Contract talks are continuing after 97 percent of the 280 workers at the Cascade Steel Rolling Mills in McMinnville, Oregon, voted to strike on June 26. The workers, members of United Steelworkers (USW) Local 8378 have been working under an extended contract since April 1, with the final extension set to expire on August 1, after which a strike may be called.

Cascade Steel workers have shown their overwhelming determination to fight back against the attacks on their rights and their living standards. They should not wait for the corrupt USW to tell them when they can or cannot strike. Workers should take the initiative by forming a rank-and-file committee in the mill to organize a strike action and start reaching out to other workers in the region as well as nationally and globally.

Cascade Steel Rolling Mills are recycled steel mills, also known as mini-mills, and have been owned and operated by Portland, Oregon-based Schnitzer Steel Industries, Inc. since 1984. Schnitzer owns a network of 96 metal recycling facilities around the US, including 52 “Pick-n-Pull” locations. Workers at Cascade Steel melt and refine recycled metals from the company’s scrap yards into construction materials such as rebar, wire rod and merchant rod. The fact that the corporation both uses recycled raw material and does not outsource its raw material for steel manufacturing makes the operation highly profitable.

Schnitzer is the fifth largest publicly-traded company in the state of Oregon, worth an estimated $670 million on the NASDAQ stock exchange. In 2018, it more than doubled its annual gross profits from $173 million to $354 million. CEO Tamara Adler Lundgren earned over $9 million last year.

The company’s profits came at the expense of the company’s harshly exploited workforce. Workers at Cascade Steel endure grueling conditions to churn profits for Schnitzer and its wealthy shareholders, including round-the-clock, 12-hour shifts in extreme temperatures and dangerous conditions.

Workers went on strike during the last round of contract negotiations in 2012, but were forced back to work by the union and the company without a contract. The union worked hand-in-hand with the company to isolate the striking workers and wear down their resolve by using the mills’ 100 nonunion employees as strikebreakers.

After shutting down the strike, management and the union worked to impose a sellout contract which included massive wage and insurance cuts. The pitiful one percent wage increase per year was well below the rate of inflation, and was additionally offset by an increase in healthcare premiums in which the worker’s contribution increased by 1 percentage point to 16 percent. Production bonuses for workers were also cut at the same time that the company was raking in enormous profits.

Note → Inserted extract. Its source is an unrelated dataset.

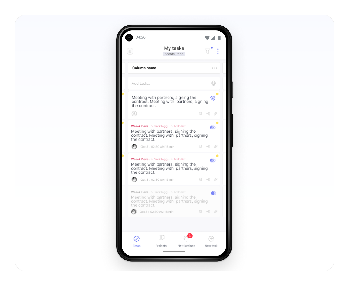 There are three dots in the upper-right corner next to the filters. If you click on them, you can switch between list mode and whiteboard mode. Functionally, the boards in the Android app are in no way inferior to the boards in the web version and the iOS app. You can:

In 2019 Schnitzer is demanding that workers accept an even greater cut to their living standards. The corporation is offering a wage increase of just 2.25 percent each year of the contract, below regional inflation of 2.9 percent per year. The union’s wage proposal of a measly 4 percent would not even catch workers up to their wages before the 2012 concessions. Currently, wages range from $22.17 per hour to $35.05 per hour on average, with some workers in the plant likely making far less.

Under Schnitzer’s proposal dental plan coverage paid by the company will be lowered from $2,500 per year to $1,750. The corporation is also attempting to force workers at the mill to pay massive increases to their health insurance premiums, increasing their contribution to 28 percent by the end of the contract, in line with the 30 percent of the premium paid by non-union workers in its scrapyards.

In response to management demands the USW is attempting to pit workers in the mill against workers in the scrapyards. Local 8378 President Jim Blue told NW Labor Press, “the jobs are pretty different.”

Cascade Steel workers cannot allow themselves to be divided from their class brothers and sisters. They must reach out to the workers in the scrap metal yards, who face the same degrading and dangerous conditions, to join their fight.

With the anger of workers at the boiling point, in an unprecedented move the USW opened negotiations to union members to watch, with some workers showing up regularly.

However, as the World Socialist Web Site noted in relation to the upcoming national auto contracts, negotiations between unions and companies are little more than theater, put on to mask the union-management conspiracy against workers. The unions have long degenerated to the point where they act as little more than cheap labor contractors, guaranteeing “labor peace” in exchange for kickbacks and bonuses, legal and illegal, for well-paid union bureaucrats. At the same time they stridently promote American nationalism, blaming job and wage cuts, not on the corporations, but on exploited workers in other countries.

The USW and Schnitzer management are scheduled to meet with a federal mediator from July 29–31 in an attempt to agree on contract terms and avoid a strike. Behind the façade of contract talks, a deal has likely already been worked out involving further, deep concessions.

Workers at Cascade Steel need to draw lessons from the past experience of their struggles. In 2012, the USW sold them out in the name of keeping the company competitive. Now, the local president is saying that he does not want to “break” the company, promising publicly that the USW will pose no demands that threaten Schnitzer’s profits.

In 2018, the USW ignored unanimous strike votes by workers at ArcelorMittal and US Steel and pushed through concessions in a sellout contract that imposed a meager 14 percent wage increase over four years with no benefit guarantees for new hires.

No amount of pressure will force the USW to fight. Rank-and-file workers at Cascade Steel must take the struggle into their own hands by forming a rank-and-file committee to draw up their own lists of demands, which should include the right to a safe workplace, complete oversight over all negotiations both public and secret, and an immediate 40 percent wage increase to make up for past concessions and full paid health insurance for workers regardless of location or job title.

At the same time the struggle of Cascade Steel workers is part of a broader fight. Under conditions of mounting trade war and signs of impending recession, stockholders everywhere are demanding ever-greater attacks on workers. The working class must answer with its own political strategy, opposing to the profit drive of the corporations the demand for the public ownership of the steel industry and other basic industry under the democratic control of the working class.